For those who aren't aware, which is probably most of you, part of why I hadn't been posting for the last two months was illness. I was spending too much of my time sitting back feeling distressingly queasy, too queasy to concentrate or do anything of particular interest. (Arguably, in the circumstances, not puking was in and of itself interesting. I wasn't always that interesting.) At the beginning, I'd written this up as food poisioning (two months ago from a Mongolian Barbeque), which aggravated my usual digestive problems for an extended period. That explnation worked for a month, but it didn't work thereafter as a pattern began to establish itself: my first meal of the day was making me sick, no matter when it was.
I initially became suspicious that I'd somehow acquired lactose intolerance- a known possible effect of some variations of food poisoning. My first meal almost always included a unit of milk, either on breakfast cereal or on its own, because it's never too early to start fighting against a family history of osteoporosis. So I carefully took milk out of my diet, which after two days had no effect whatsoever. I still found myself at a loss for patterns.
Something else, instead, had been helping; I hadn't assembled any satisfying sort of pattern yet, but some dietary change (I assumed) had been making me feel overall better. I got suspicious of coffee two months ago, and had replaced that for tea; now I was suspicious of the insane strength I make tea at, and started not letting the teabag steep for 35 minutes. It helped, but not much- so I took the tea out, and replaced it with soda. It gave me the same cramping, nauesated reaction- which is not my usual reaction to the toxic levels of high-fructose corn syrup involved, for the record.
So I've finally taken caffeine completely out of my diet, and the problem is gone.
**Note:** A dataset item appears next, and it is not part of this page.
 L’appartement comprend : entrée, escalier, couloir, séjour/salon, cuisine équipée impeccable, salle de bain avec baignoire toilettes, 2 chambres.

I can be reasonably confident that removing caffeine was the cause, given how badly I abused my digestive system Saturday; I woke up late (past breakfast), and- as was Rakeela's and my original Thanksgiving plan- ordered a pizza. A three-topping extra-large pizza that fed us both all day, to be specific. So if my digestive system can handle bacon & ham & jalepeno pizza w/ extra sauce as its first food upon waking up, when my first meal had been coming back up many previous days when it was nothing less innocuous than cornflakes, it's probably safe to say I'm doing significantly better. The omission of caffeine was the only improvement I made to my eating that day.
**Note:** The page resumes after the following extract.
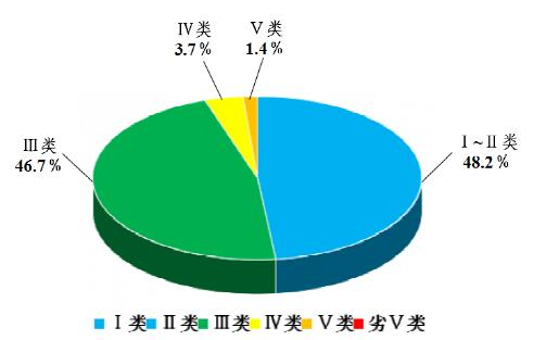 2021年1-7月,全省主要流域“十四五”375個評價斷面總體水質(zhì)為優(yōu),Ⅰ~Ⅱ類水質(zhì)比例為48.2%,Ⅰ~Ⅲ類水質(zhì)比例為94.9%,其中,143個原“十三五”評價斷面Ⅰ~Ⅲ類水質(zhì)比例為97.8%,按可比口徑持平。各類水質(zhì)比例如下:Ⅰ類占2.1%,Ⅱ類占46.1%,Ⅲ類占46.7%,Ⅳ類占3.7%,Ⅴ...

I'm off it now, and experiencing that wonderful groggy headachiness that everybody who's ever gone through caffeine withdrawl has experienced, which is probably most of you, at least a little. (For those who haven't: I temporarily slightly hate you.) I've done this before; I successfully quit caffeine twice during the course of college. And I didn't stay off it, for health reasons; that's what worries me now.
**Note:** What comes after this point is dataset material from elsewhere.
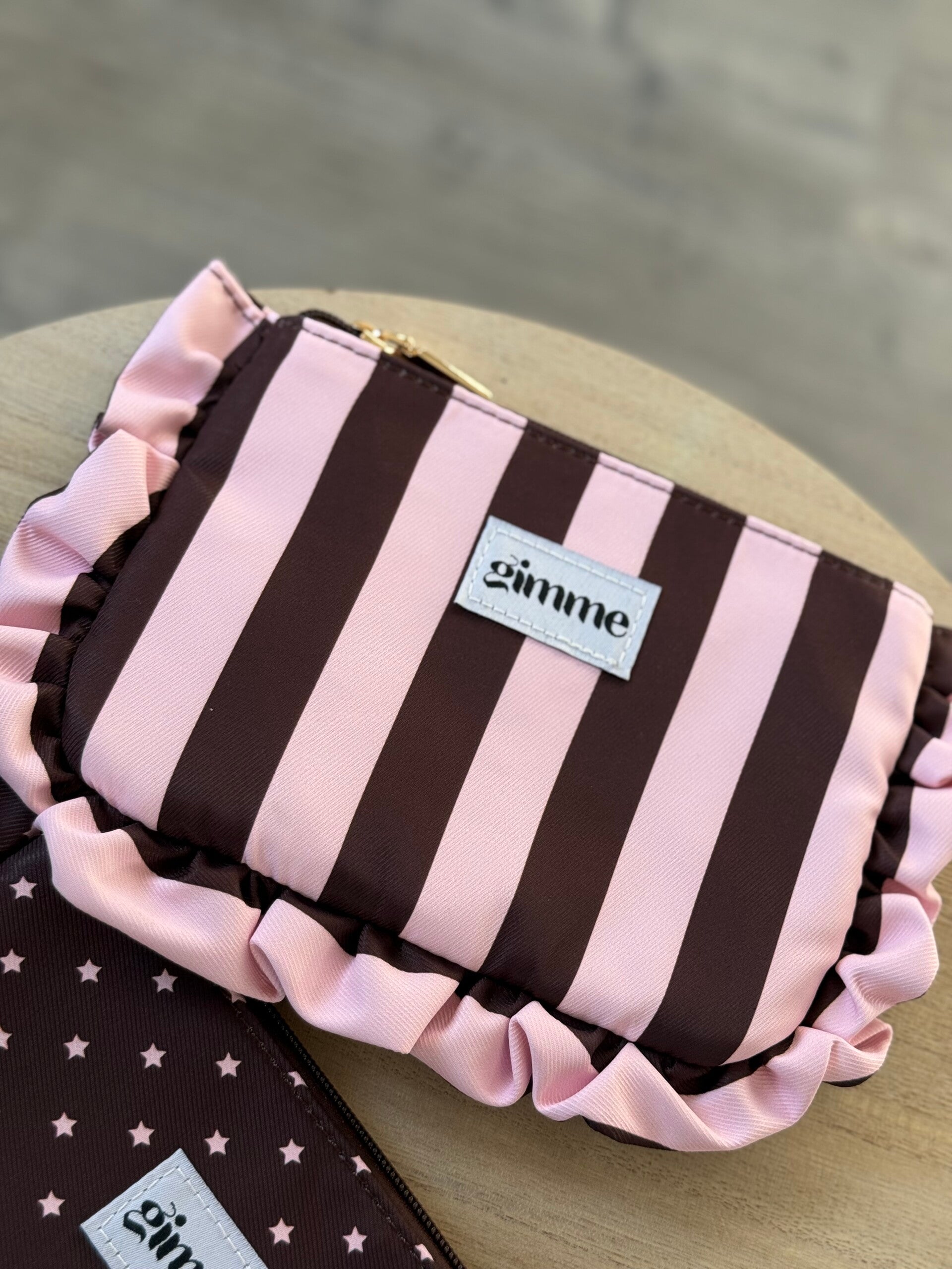 MAKE-UP BAG STRIPES - bordeaux/pink

Caffeine, judiciously applied, is an extremely effective antidote to asthma. My minimum of one cup of tea per day has kept me off daily asthma medication for years. That's how my habit started, back in middle school- instant tea, a 3:1 mix of decaf-to-caffeinated, when I had asthma symptoms, eventually leading to addiction- and a rapid improvement in my chronic asthma. Both times I went off it in college, I discovered just how much effect it was having against my allergies.
Well, now I don't have that option, because the side effects are more severe than the syndrome the cure is intended for. But y'know, I'm not so worried this time- there's a big difference between now and then, and that big difference is my lifestyle. Now, I'm cooking many of my own meals, making healthy food decisions, walking at least two miles per day (to work and back), and am less stressed than I was at college.
Maybe I'll just find out how much I really "needed" that caffeine after all. Maybe my asthma symptoms were just more withdrawal symptoms that would have passed, given another week- I do know that the other withdrawal symptoms are weaker this time, and I can't help but wonder if the knowledge that I don't have a choice anymore has lent me some extra strength on the matter.